++++ EXERCISE INPUT

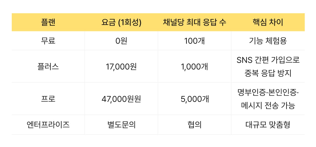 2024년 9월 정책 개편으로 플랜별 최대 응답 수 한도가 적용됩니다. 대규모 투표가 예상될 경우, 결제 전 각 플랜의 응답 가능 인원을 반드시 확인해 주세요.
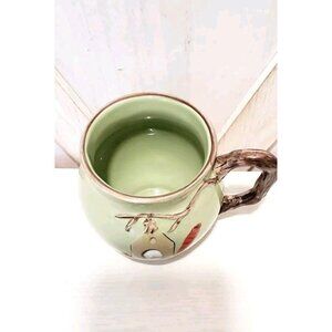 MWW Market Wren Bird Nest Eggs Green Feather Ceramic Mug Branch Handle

++++++++
++++ EXERCISE INPUT

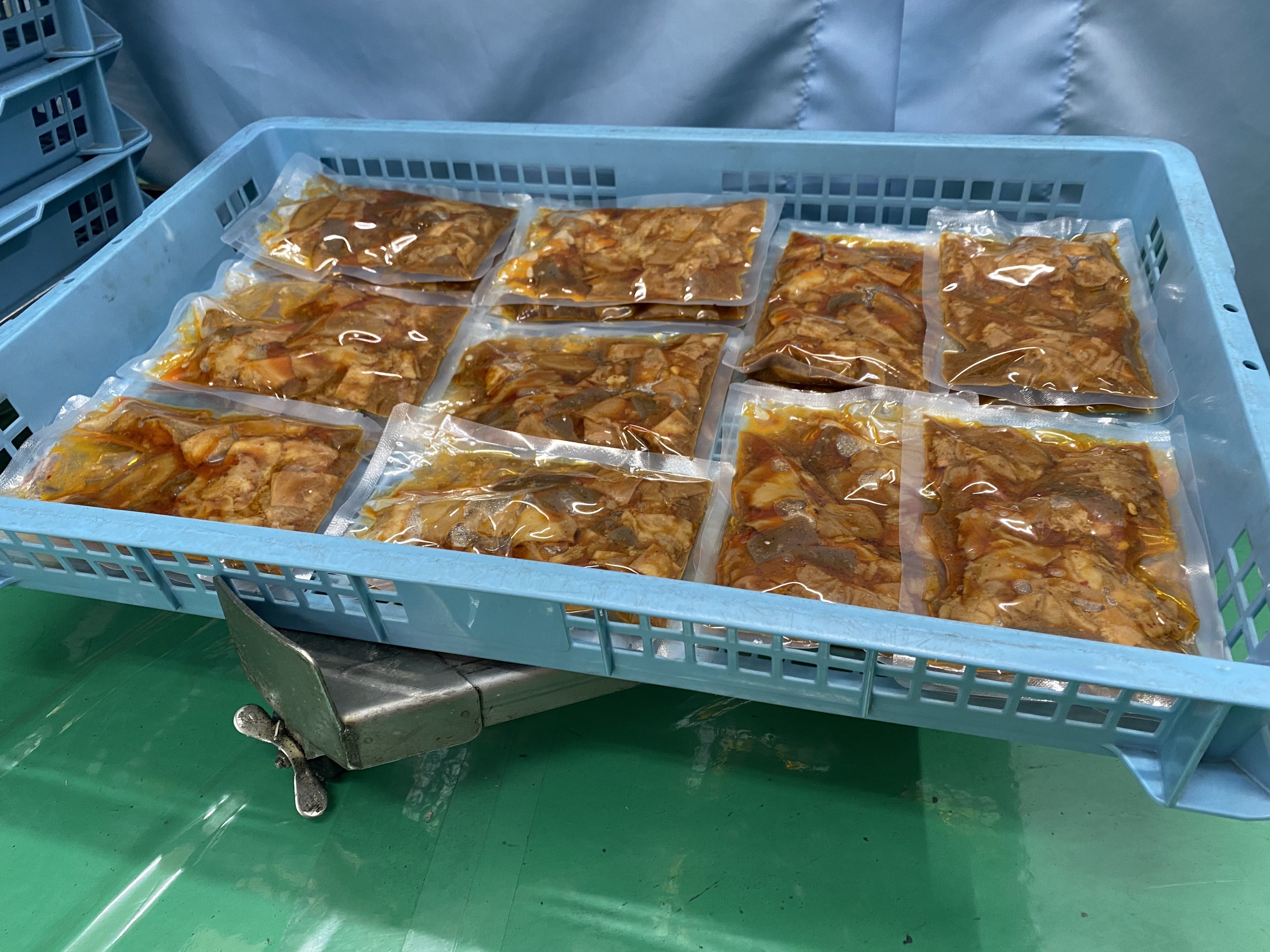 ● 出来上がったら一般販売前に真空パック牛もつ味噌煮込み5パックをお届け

++++++++
++++ EXERCISE INPUT

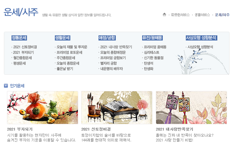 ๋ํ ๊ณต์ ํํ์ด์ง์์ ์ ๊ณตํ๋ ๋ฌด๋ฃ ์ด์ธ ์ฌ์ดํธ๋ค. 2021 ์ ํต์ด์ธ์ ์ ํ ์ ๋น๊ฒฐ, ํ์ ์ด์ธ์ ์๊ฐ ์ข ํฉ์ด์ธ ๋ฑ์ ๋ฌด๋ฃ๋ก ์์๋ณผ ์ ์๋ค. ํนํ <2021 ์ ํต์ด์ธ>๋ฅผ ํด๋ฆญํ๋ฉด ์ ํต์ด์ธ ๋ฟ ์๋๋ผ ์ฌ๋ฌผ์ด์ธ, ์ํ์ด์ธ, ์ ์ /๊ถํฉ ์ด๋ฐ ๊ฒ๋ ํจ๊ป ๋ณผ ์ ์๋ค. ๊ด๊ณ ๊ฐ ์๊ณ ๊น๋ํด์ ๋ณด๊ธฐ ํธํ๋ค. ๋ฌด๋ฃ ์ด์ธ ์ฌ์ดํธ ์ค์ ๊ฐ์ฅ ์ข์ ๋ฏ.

++++++++

◆ **PROBLEM DESCRIPTION**:
Would you output the lines above from the line holding "2024년 9월 정책" up to and including the line holding "MWW Market Wren", exactly and only those, with no pictures?

◆ **OUTPUT**:
 2024년 9월 정책 개편으로 플랜별 최대 응답 수 한도가 적용됩니다. 대규모 투표가 예상될 경우, 결제 전 각 플랜의 응답 가능 인원을 반드시 확인해 주세요.
 MWW Market Wren Bird Nest Eggs Green Feather Ceramic Mug Branch Handle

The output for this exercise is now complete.